The part below that opens with the line containing "The entryway sets" and closes with the line containing "Ореховая паста упоминается" should be copied exactly, minus any pictures.

Records drawn from a dataset
=======
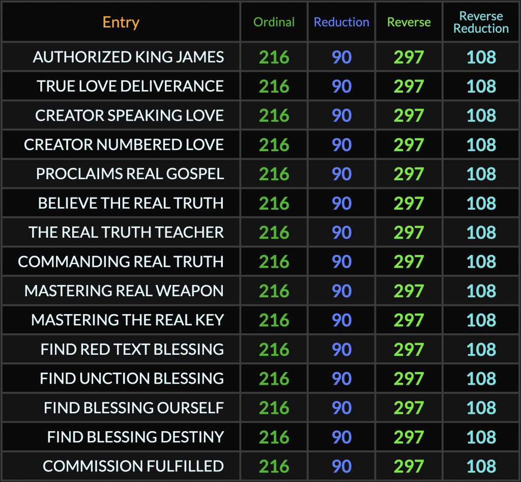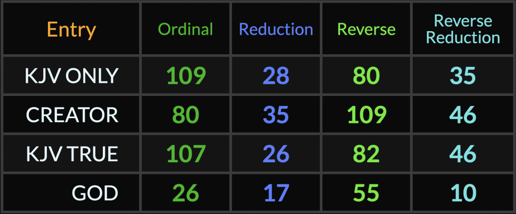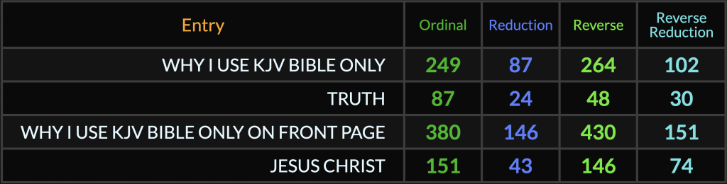 Notice that “Jesus Christ” is a perfect 4/4 gematria match to “Jesus is Born”, “Jesus is Lord”, and “Discussions”, the only single word I’ve found (so far) in the English language that perfectly matches “Jesus Christ”.
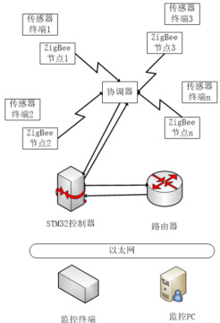 在本研究中,数据监测接收端的硬件架构主要由 ZigBee 协调器与基于 STM32 的嵌入式以太网控制服务器构成。ZigBee 协调器的核心组件为 CC2530 芯片,而嵌入式以太网控制服务器的硬件设计则选用了基于Cortex-M3 内核的处理器作为主控单元,并集成了 ENC28J60 以太网芯片以实现网络通信功能。
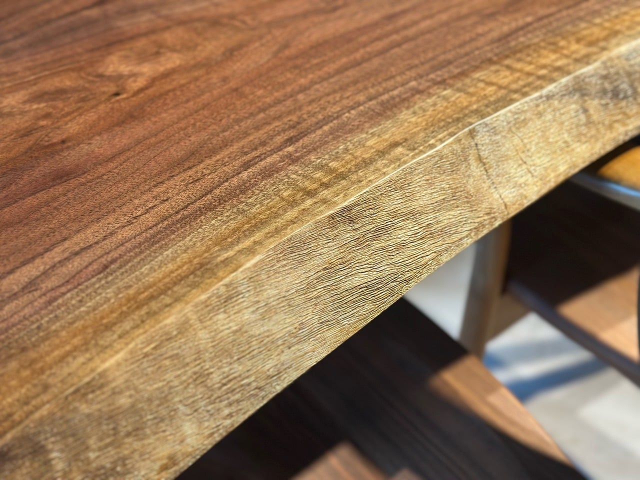 天然無垢の一枚板ウォールナットは、黒みがかった木目が美しく、時を経るにつれてにじみ出てくる味わいが魅力です。ウォールナットは伐採の際にはそれほど黒みがかっていません。味わいのあるウォールナットの褐色は、時を経て強まっていきます。この塗装無しでも美しい褐色は、木材や建材としてのウォールナットの人気を決定づけるものです。その上、つや出し剤もなじみやすいので扱いやすい木材です。
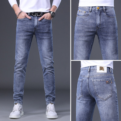 欧货牛仔裤男夏季薄款新款高端刺绣潮流弹力修身小脚长裤子男
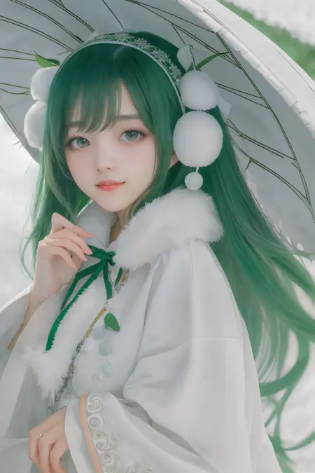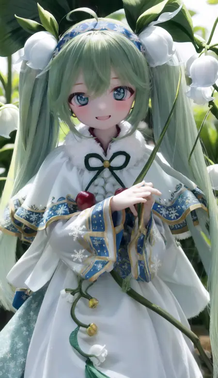 For clothes: capelet, fur-trimmed, boots, fur boots, knee boots, brown footwear, long sleeves, white dress, white capelet, hair ornament, hairband, snowflake print, snowflakes, blue hairband, white flower, hair flower, leaf, leaf hair ornament, lily of the valley, food, cherry, leaf umbrella
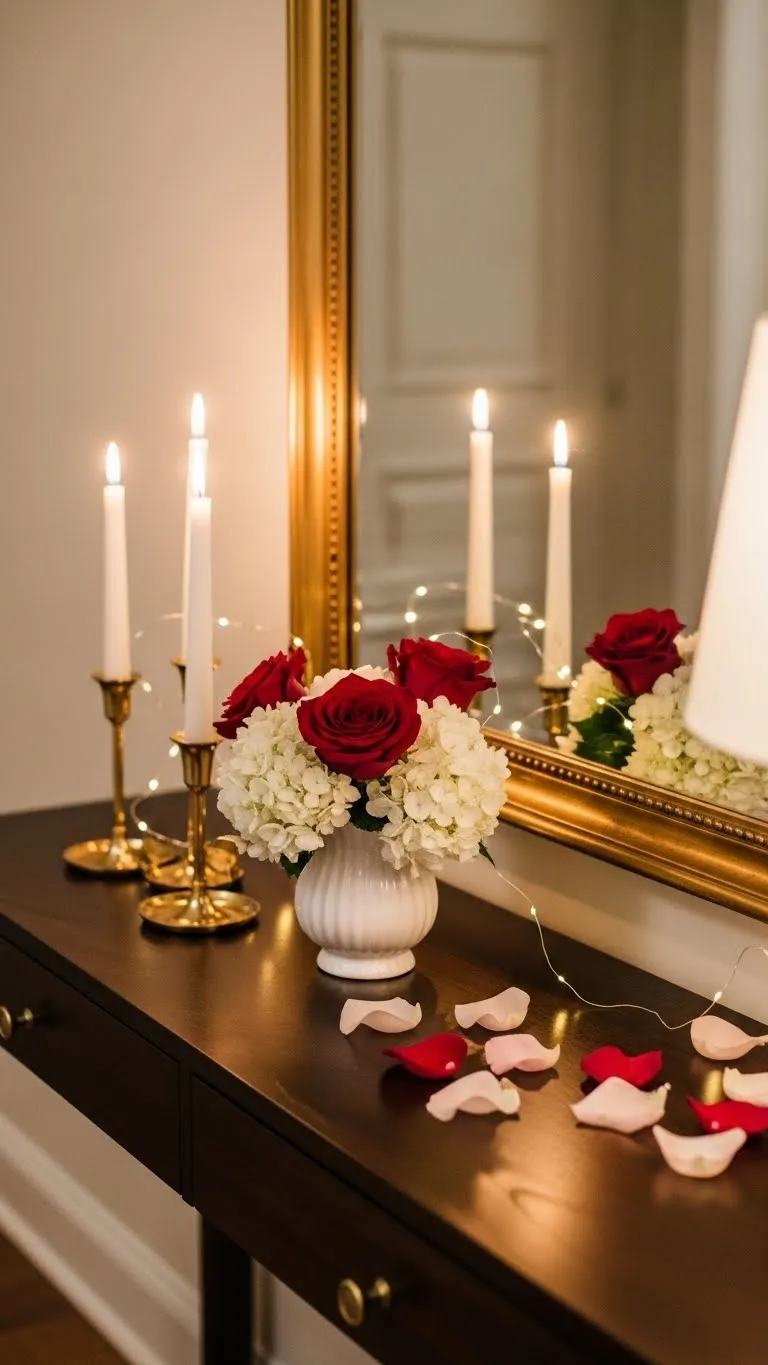 The entryway sets the mood. Style your console with a few Valentine touches. Use a mirror, a small vase, and candles. Keep spacing open. Choose items you already own. Rearranging can make them feel new. Add a heart accent or soft florals for the season. Budget tip: Move décor from other rooms. DIY idea: Frame a simple print in neutral tones. A styled entryway welcomes guests with warmth and grace.
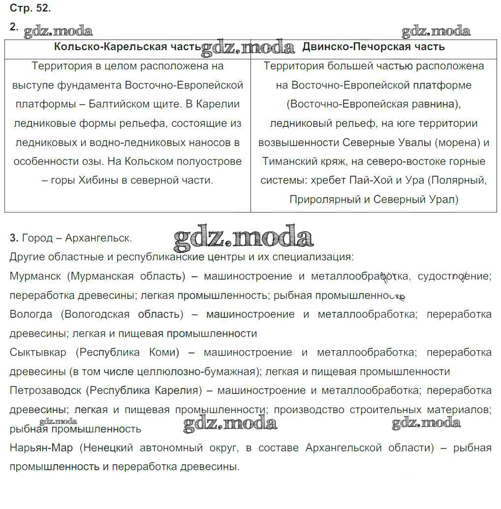 ГДЗ решение к заданию № стр.52 География России 9 класс тетрадь-тренажер Ходова Е.С. Просвещение 2016 ФГОС бесплатно на гдз.мода!
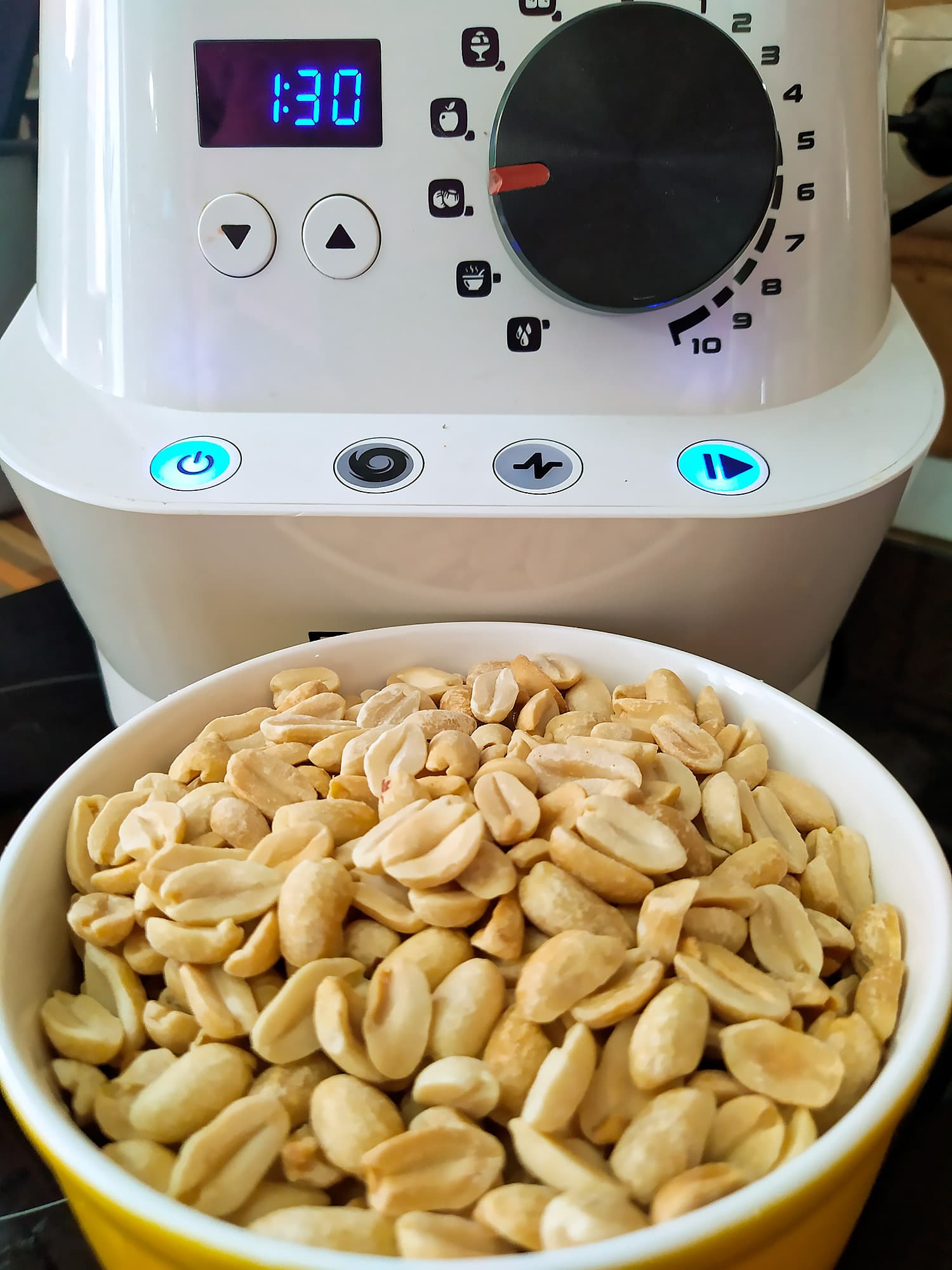 Ореховая паста упоминается в инструкции не раз, в том числе в виде [единственного] рецепта. Мы поддались такому своеобразному 25-му кадру и поджарили 400 граммов арахиса (меньше в чашу загружать нельзя). Орехи (которые на самом деле не орехи) предварительно обжарили в духовке.
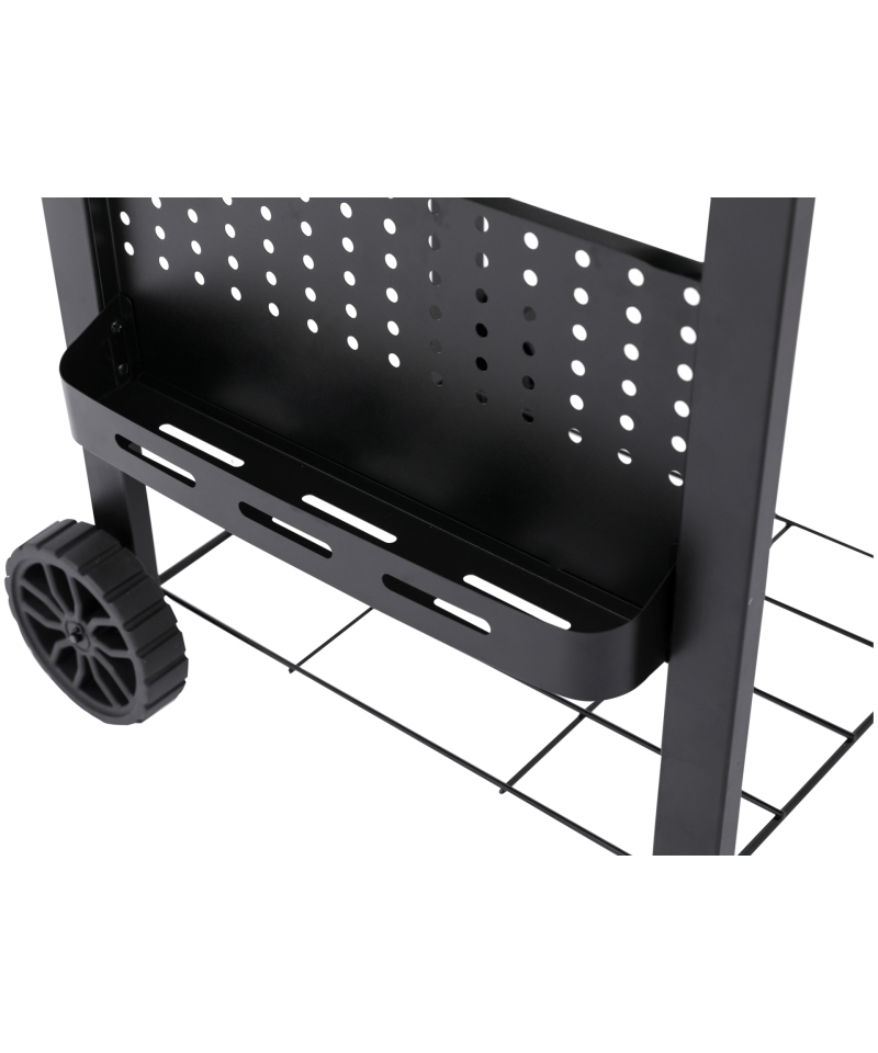 Klappbare Seitenablagen, eine geräumige untere Ablage und eine zusätzliche, schmale Ablage an der Vorderseite des Grills bieten viel Platz sowohl für die bequeme Zubereitung von Speisen als auch für die Aufbewahrung aller notwendigen Zubehörteile.
=======
- Response:
 The entryway sets the mood. Style your console with a few Valentine touches. Use a mirror, a small vase, and candles. Keep spacing open. Choose items you already own. Rearranging can make them feel new. Add a heart accent or soft florals for the season. Budget tip: Move décor from other rooms. DIY idea: Frame a simple print in neutral tones. A styled entryway welcomes guests with warmth and grace.
 ГДЗ решение к заданию № стр.52 География России 9 класс тетрадь-тренажер Ходова Е.С. Просвещение 2016 ФГОС бесплатно на гдз.мода!
 Ореховая паста упоминается в инструкции не раз, в том числе в виде [единственного] рецепта. Мы поддались такому своеобразному 25-му кадру и поджарили 400 граммов арахиса (меньше в чашу загружать нельзя). Орехи (которые на самом деле не орехи) предварительно обжарили в духовке.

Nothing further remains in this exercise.